**TASK GOAL:** If a line below falls between the line with "Я решил создать" and the line with "750 thousandths gold", or is one of those two, output it exactly; output nothing else and no pictures.

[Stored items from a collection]
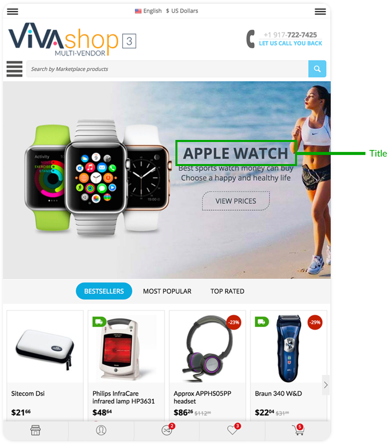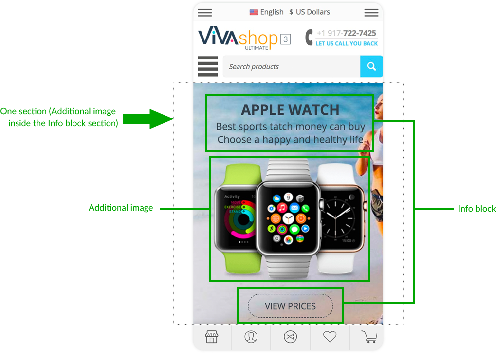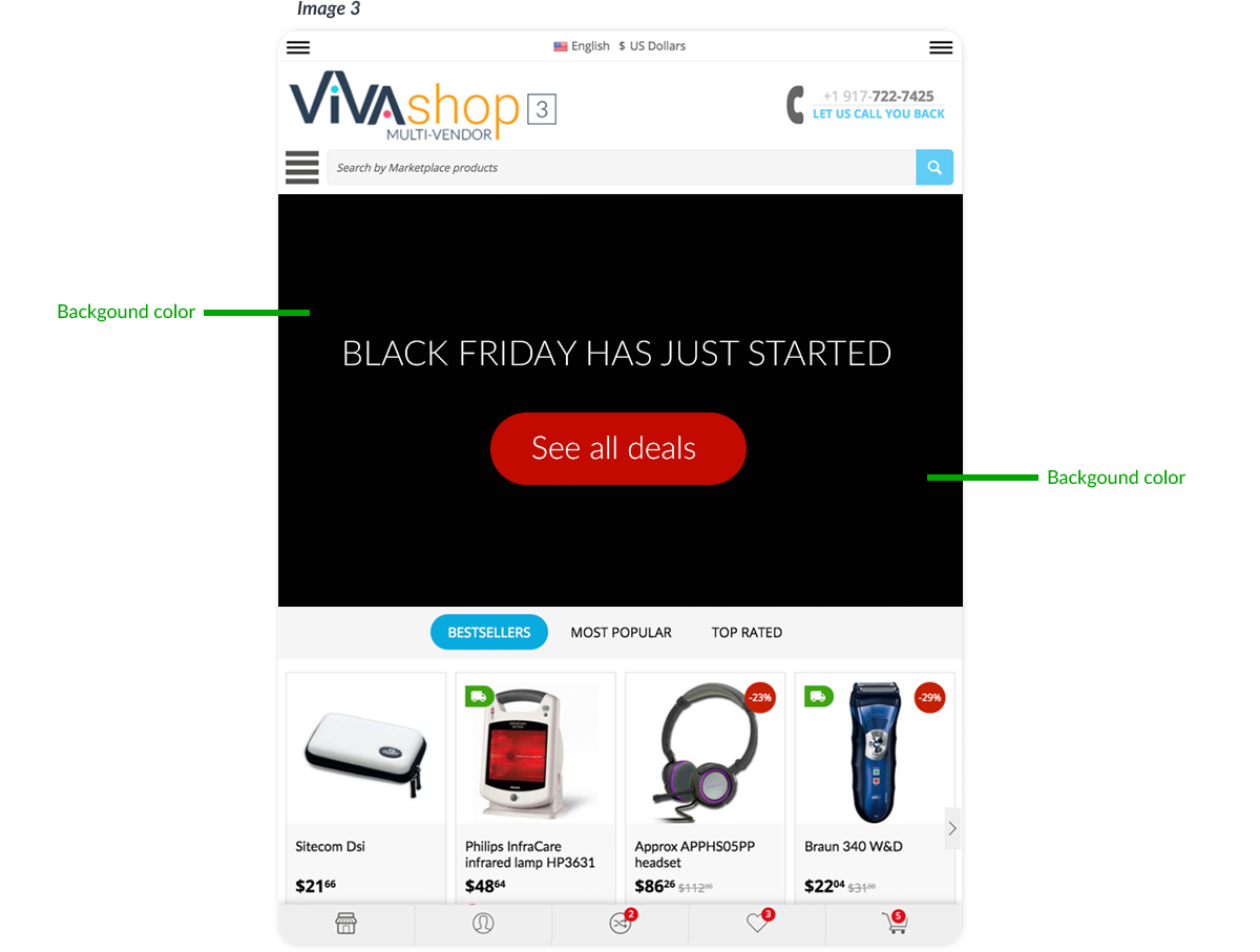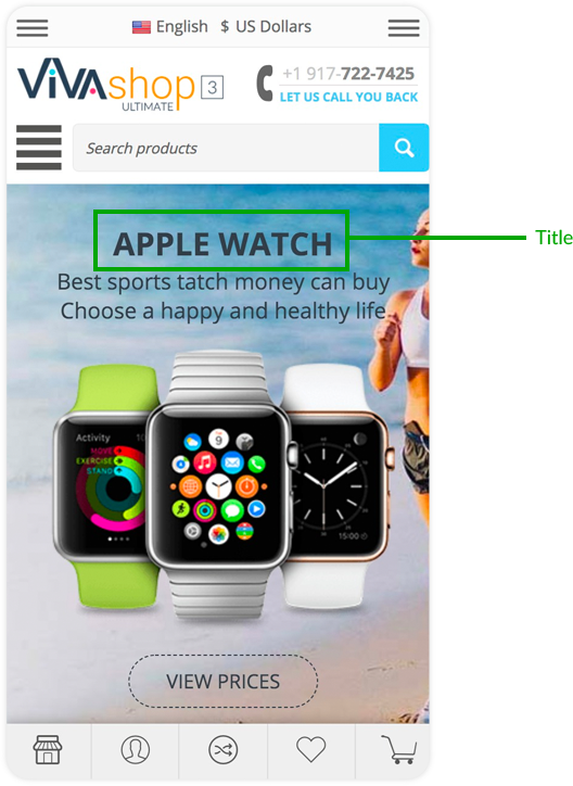 For the “VIVAshop - Homepage - Main slider - Banner 1” banner we have chosen the “Bottom” option, so the Additional Image will come from the bottom.
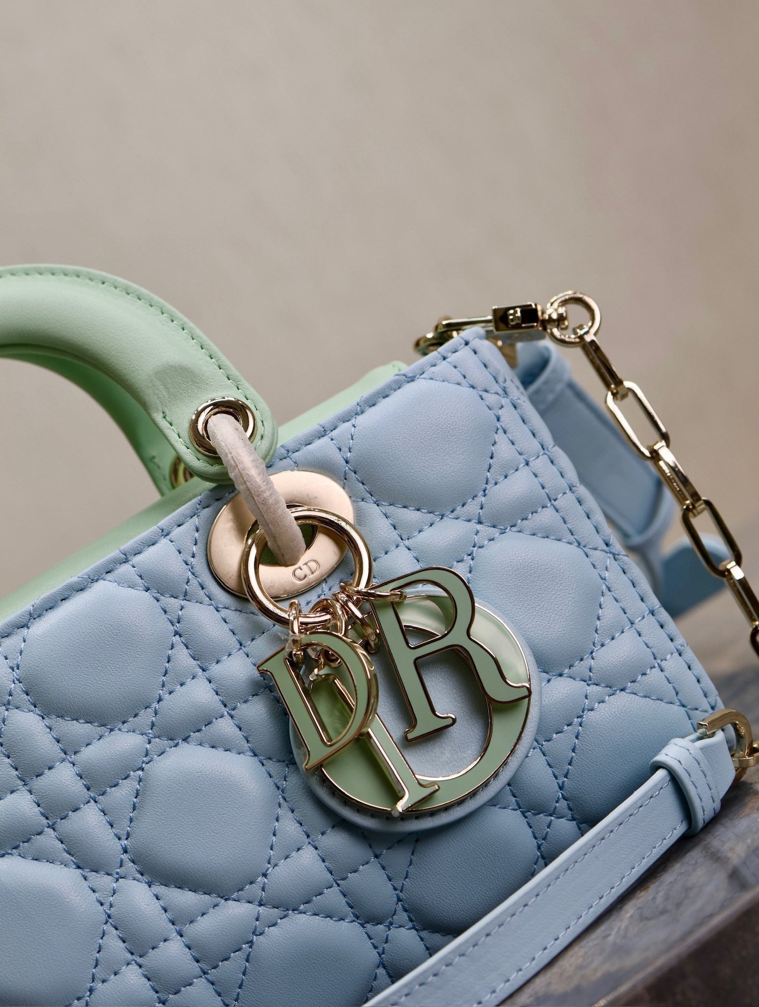 Lady D-Joy Bag 22 Celeste Blue Pale Green Lambskin
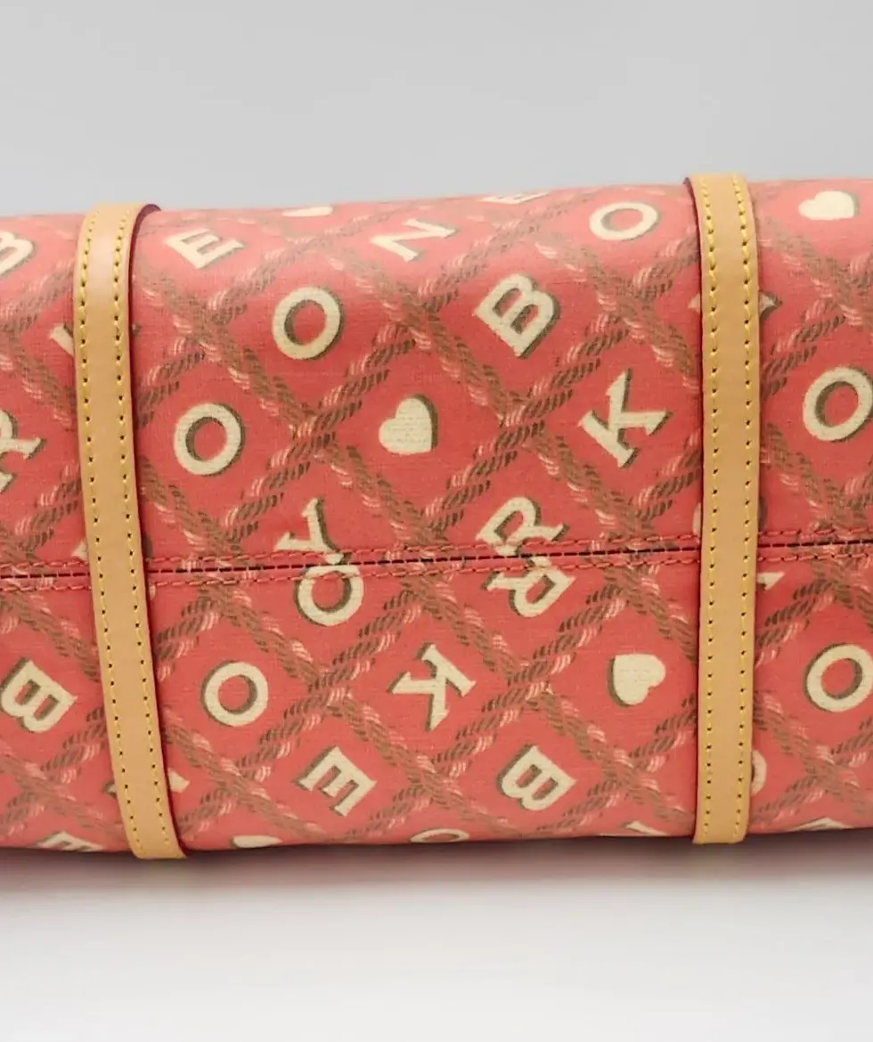 - Made from high-quality printed canvas with the iconic Dooney & Bourke signature pattern in a delightful peach hue.
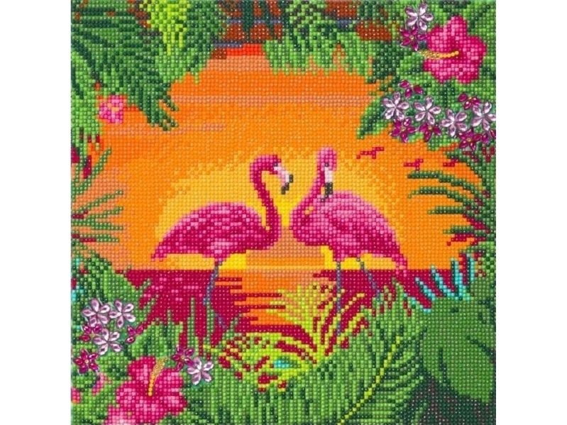 Canvasmålning 30x30 cm med mosaik Flamingos
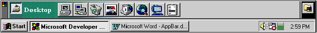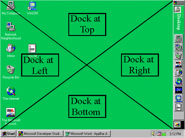 Я решил создать класс, названный мною CAppBar, который бы инкапсулировал все особенности панелей инструментов рабочего стола так, чтобы можно было достаточно просто создавать панели любого типа. Мой класс CAppBar унаследован от CDialog, так что Вы можете легко создавать панели инструментов на основе шаблона диалогового окна.
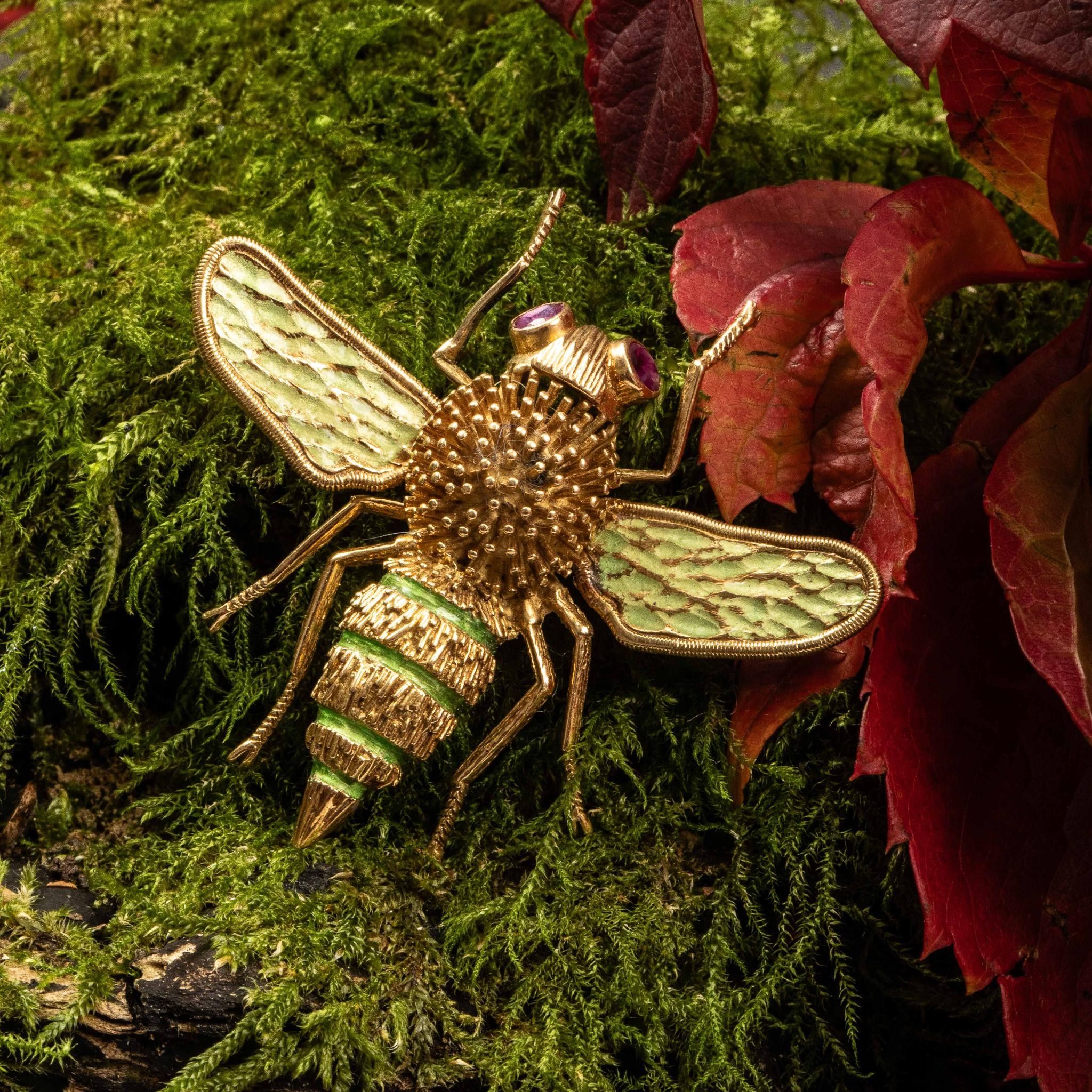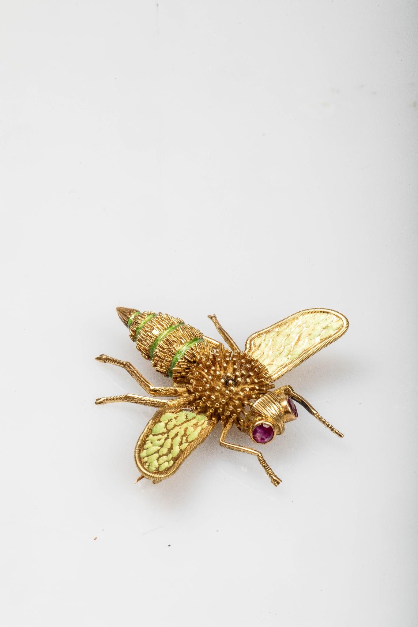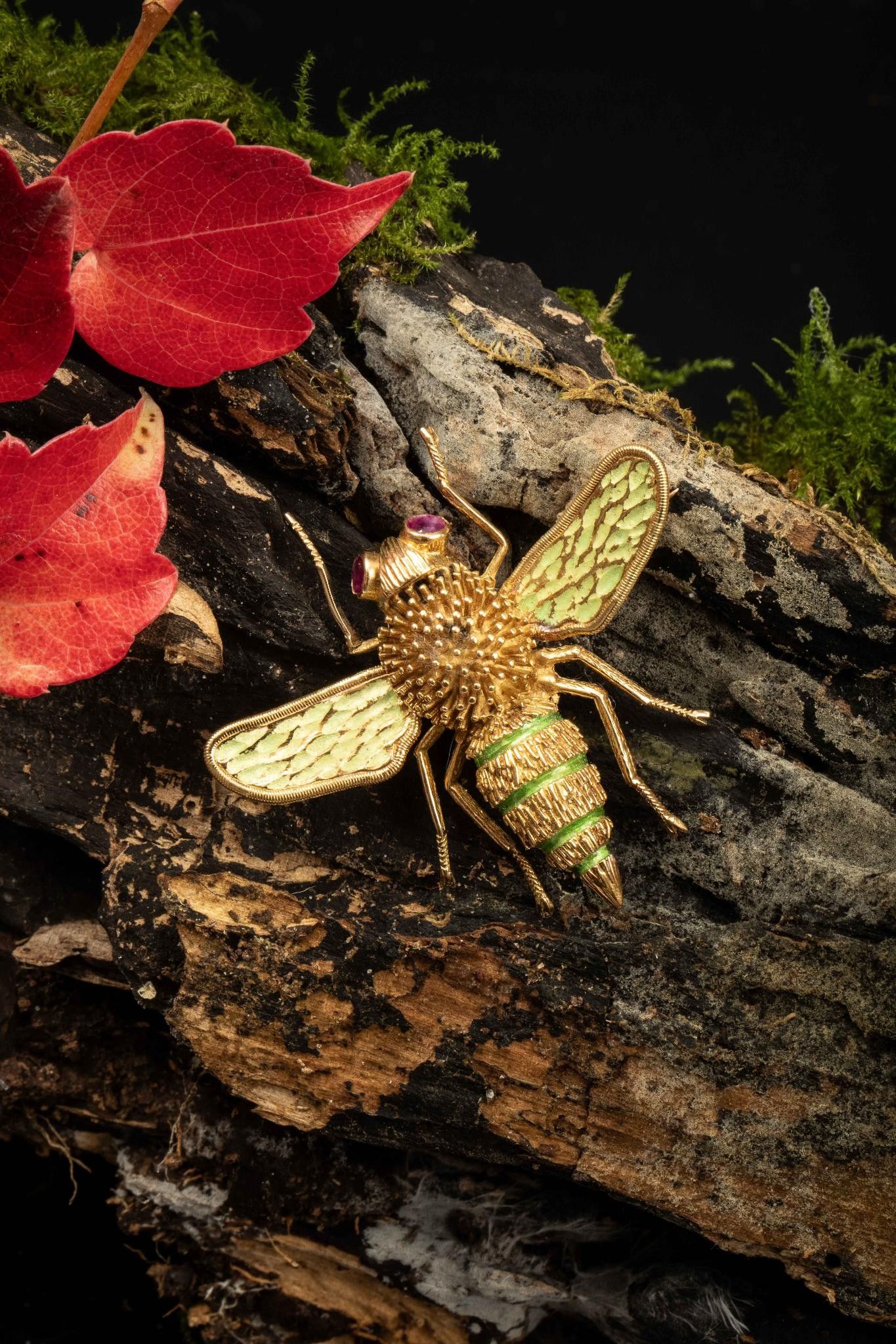 750 thousandths gold brooch styling a wasp dressed in enamel, the eyes in rubies.
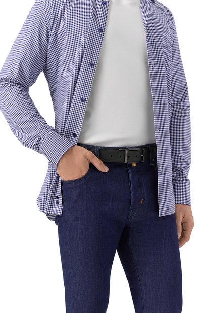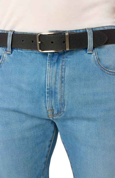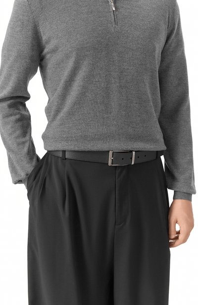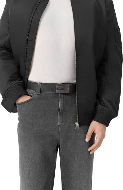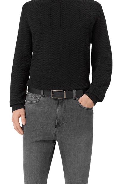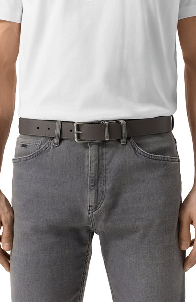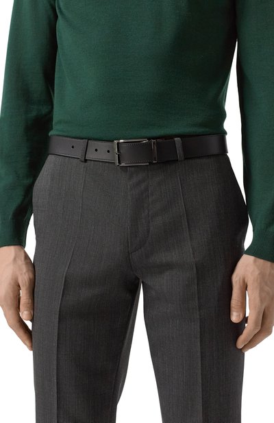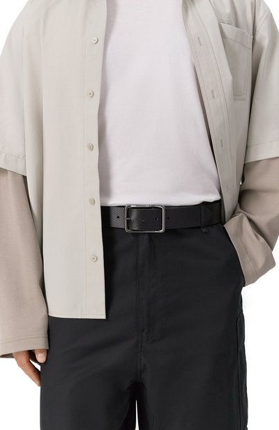 Для изготовления ремня стандартной ширины использовали зернистую кожу. Аксессуар застегивается прямоугольной пряжкой с выгравированным логотипом на интегрированном тренчике.
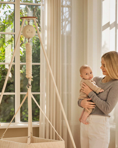 Med möjligheten att starta och använda motorn beröringsfritt via vår app kan du antingen ställa in både gunghastighet och driftstid efter önskemål, eller använda ett av våra sömnprogram som är utformade av sömnexperter med ditt barns bästa sömn i åtanke.
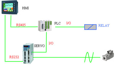 HMI 支持双通讯联机功能,可同时连接2种不同协议的控制器。本案使用HMI的COM2与PLC进行RS485通讯,用以设定PLC 程序中的按钮等元件,并可将PLC的运行状态反馈在HMI上,此外还使用了HMI的COM1与SERVO进行RS232通讯,用以与伺服内部寄存器交换数据,架构见可图2。
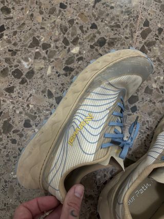 Zapatillas Hoka con un diseño moderno y llamativo. - Parte superior de tela con líneas curvas en azul. - Cordones de color azul. - Suela de goma resistente. están un poco sucias de los 50km que tienen
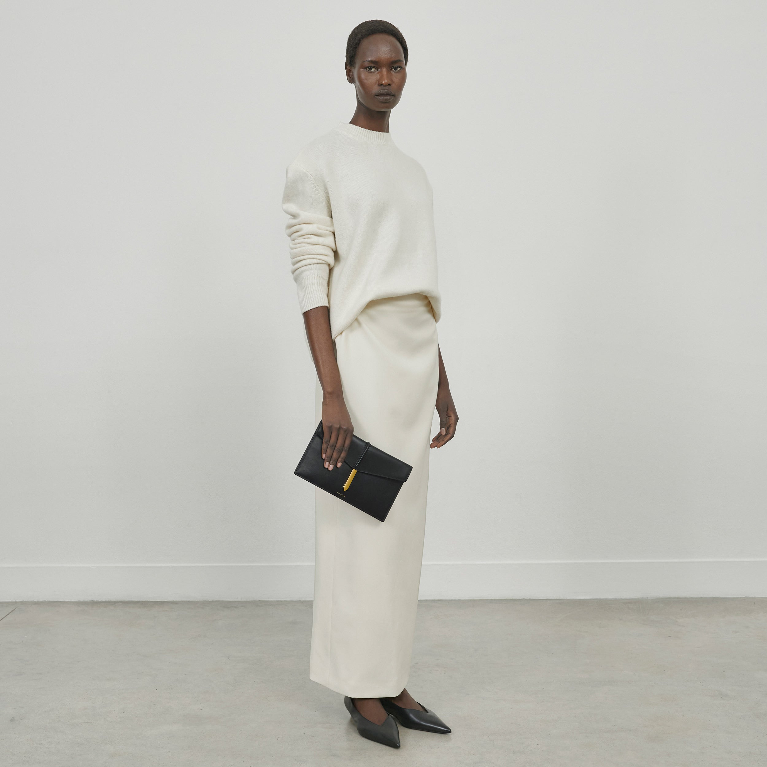 Handcrafted from sustainable materials, The Tokyo Clutch boasts a graceful envelope silhouette, adorned with the iconic magnetic gold arrow lock that has become synonymous with the Tokyo collection. The center of the flap is adorned with a stunning bombe detail, adding an extra touch of character.
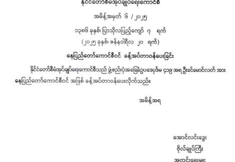 နေပြည်တော်ကောင်စီဝင် ခန့်အပ်တာဝန်ပေးခြင်း

**WRITTEN RESPONSE:**
 Я решил создать класс, названный мною CAppBar, который бы инкапсулировал все особенности панелей инструментов рабочего стола так, чтобы можно было достаточно просто создавать панели любого типа. Мой класс CAppBar унаследован от CDialog, так что Вы можете легко создавать панели инструментов на основе шаблона диалогового окна.
 750 thousandths gold brooch styling a wasp dressed in enamel, the eyes in rubies.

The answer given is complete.